Creating Universally Unique ID in Python

2009-10-05 17:41:30 » distributed data storage, guid, id, persistence, Python, Python Standard Library, unique identifier, uuid

GUID is a term that was bandied about in my office to signify any unique id that we used to identify our database records. But I never gave it a second thought for a long time, that is until I heard UUID mentioned in the context of couchdb, as enabling distributed data storage. This piqued my interest and I started reading on UUID. (By the way, our Guids were just sequential numbers generated by our db). So I started digging more info on UUID in general and python's uuid module in particular.

Unique as a Snowflake

What is UUID?

UUID or universally unique identifier is a 128 bit number that guarantees (or atleast provides extremely high probability ) that the id is unique across space and time. Hence the UUID can be used to identify any entity without having to register with a central authority or coordinate with other services. This reduces the cost of assigning UUIDs. The algorithms to generate UUIDs are so efficient that 10 million UUIDs can be assigned in a second per machine. This ensures that the UUIDs can be used as transaction ids. Since UUID is a number, storing searching and sorting is efficient compared to other alternatives. UUIDs were initially used by Networking Computing System. This was later standardized by Distributed Computing Environment of the Open Source Foundation. GUID (Globally Unique ID) is Microsoft's adaptation of the UUID and it is used identify different component interfaces in the Component Object Model, among other things.

Representing UUID

The UUID is a 128 bit number or a 16 byte number. This means that the number of possible values for a UUID is 2^128 or 3.4 X 10^38. This means that 1 trillion UUIDs would have to be created every nanosecond for 10 billion years to exhaust the number of UUIDs. That’s a lot of UUIDs. UUIDs are used by several operating systems as IDs. For example in linux, the partitions are identified by uuids. The below commands would illustrate that.

blkid




/dev/sda1: TYPE="ntfs" UUID="7AB07E19B07DDC57" LABEL="Fracshun"
/dev/sda2: UUID="974b7a60-ff19-4517-982e-a41134661936" SEC_TYPE="ext2" TYPE="ext3"
/dev/sda4: LABEL="IBM_SERVICE" UUID="5CAC-523F" TYPE="vfat"
/dev/sda5: TYPE="ntfs" UUID="68ACBC3EACBC0918" LABEL="Wyldfyr"
/dev/sdb1: TYPE="ntfs"
/dev/sdb3: TYPE="ntfs"
/dev/sdb5: TYPE="ntfs"
/dev/sdb2: TYPE="ntfs"
/dev/mmcblk0p1: LABEL="CANON_DC" UUID="40D9-5C92" TYPE="vfat"

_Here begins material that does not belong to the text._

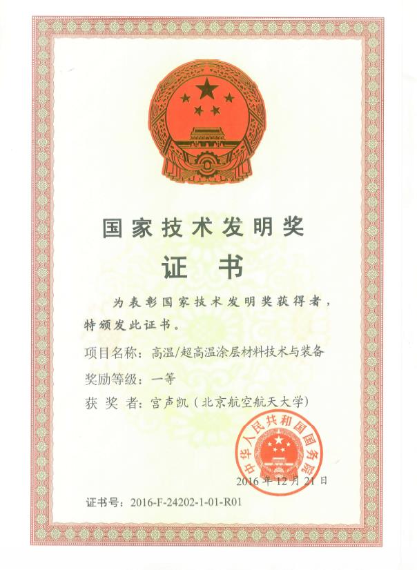2017年1月9日,2016年度國家科學(xué)技術(shù)獎勵大會在人民大會堂隆重舉行。在全場雷鳴般的掌聲中,我校材料科學(xué)與工程學(xué)院宮聲凱教授從國家主席習(xí)近平手中接過了紅彤彤的證書,他憑借研究項目“高溫/超高溫涂層材料技術(shù)與裝備”,以第一完成人的身份榮獲2016年度國家技術(shù)發(fā)明獎一等獎。
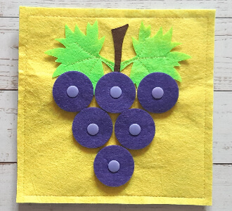 Grožđe sa plastičnim drikerima – Ova stranica podučava djecu o voću dok razvijaju koordinaciju ruku i očiju kroz kačenje grožđa.

ls /dev/disk/by-uuid/ -lrth




lrwxrwxrwx 1 root root 10 2009-10-03 22:25 7AB07E19B07DDC57 -> ../../sda1
lrwxrwxrwx 1 root root 10 2009-10-03 22:25 974b7a60-ff19-4517-982e-a41134661936 -> ../../sda2
lrwxrwxrwx 1 root root 10 2009-10-03 22:25 5CAC-523F -> ../../sda4
lrwxrwxrwx 1 root root 10 2009-10-03 22:25 68ACBC3EACBC0918 -> ../../sda5
lrwxrwxrwx 1 root root 15 2009-10-04 22:47 40D9-5C92 -> ../../mmcblk0p1

The UUID can also be represented by 32 character hexadecimal number. The canonical form of representing UUIDs is as hexadecimal numbers in the format 8-4-4-4-12 or (xxxxxxxx-xxxx-xxxx-xxxx-xxxxxxxxxxxx) e.g “550e8400-e29b-41d4-a716-446655440000”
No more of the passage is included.